The new work, which will feature percussion improvisation by Dame Evelyn Glennie, will appear on Feb. 2, the final night of the festival, along with 1983’s The Desert Music, one of the last pieces Reich wrote for a full orchestra.
Reich’s use of tape dates back to the 1960s, when he first made his name for himself as a composer by using taped voices and instruments to create phasing patterns — essentially canons, where two or more instruments begin to play variations on the same melody, juxtaposing similar but different sounds on top of the other.
In the 1970s, Reich started writing even more elaborate pieces that played with time intervals as well as melodies. By the late ’80s, however, he started focusing on writing for smaller groups of musicians, mainly to make it easier for audiences to hear counterpoint and interlocking rhythms.
“I stopped writing for the orchestra (in 1986) simply because there were too many strings. I need one first violin or maybe three, but absolutely no more than that,” he said. “With all these musicians, it’s all too fat.”
Reich’s Clapping Music (1972), Tehillim (1981), Vermont Counterpoint (1982), New York Counterpoint (1985) and Double Sextet (2007) will also be presented at the New Music Festival, with all except Tehillim performed by smaller ensembles.
Reich said he tried to persuade the WSO to stage a chamber version of The Desert Music.
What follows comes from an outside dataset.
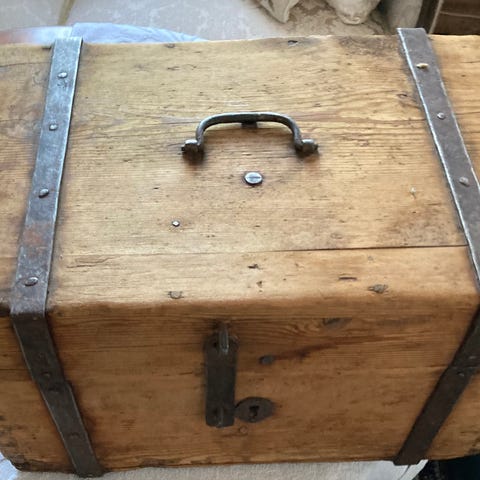 Mindre gammal kista. Ingen nyckel Träknoppen i hör inte till

But the WSO is obligated to present orchestral works. “We’re the Winnipeg Symphony Orchestra,” said Ho, placing an emphasis on the final word of the ensemble’s title.
The presence of Reich adds something of a rock-star quality to this year’s festival, as Reich is one of the best-known names associated with the loose genre of composition known as minimalism. Commissions by The Kronos Quartet, one of the planet’s most commercially successful string quartets, have brought Reich’s music to a broad listening audience.
So have endorsements by rock musicians, DJs and electronic music producers. Over the years, Reich’s work has influenced soundscape artists of all sorts, from Brian Eno and David Bowie in the 1970s to The Orb and other electronic acts that came to prominence during the ambient-music explosion of the 1990s.
In 1999, Nonesuch Records — Kronos’ label — released Reich Remixed, where artists such as DJ Spooky and Howie B reinterpreted the composer. And in 2011, Radiohead guitarist and film composer Jonny Greenwood performed Reich’s Electric Counterpoint in a live setting in Poland.
Reich returned the favour last year by reworking two Radiohead pieces into Radiohead Rewrite, which will debut in London in March. The give-and-take with younger artists completes a circle for Reich, who began his musical career as a fan of jazz musicians such as Miles Davis and John Coltrane.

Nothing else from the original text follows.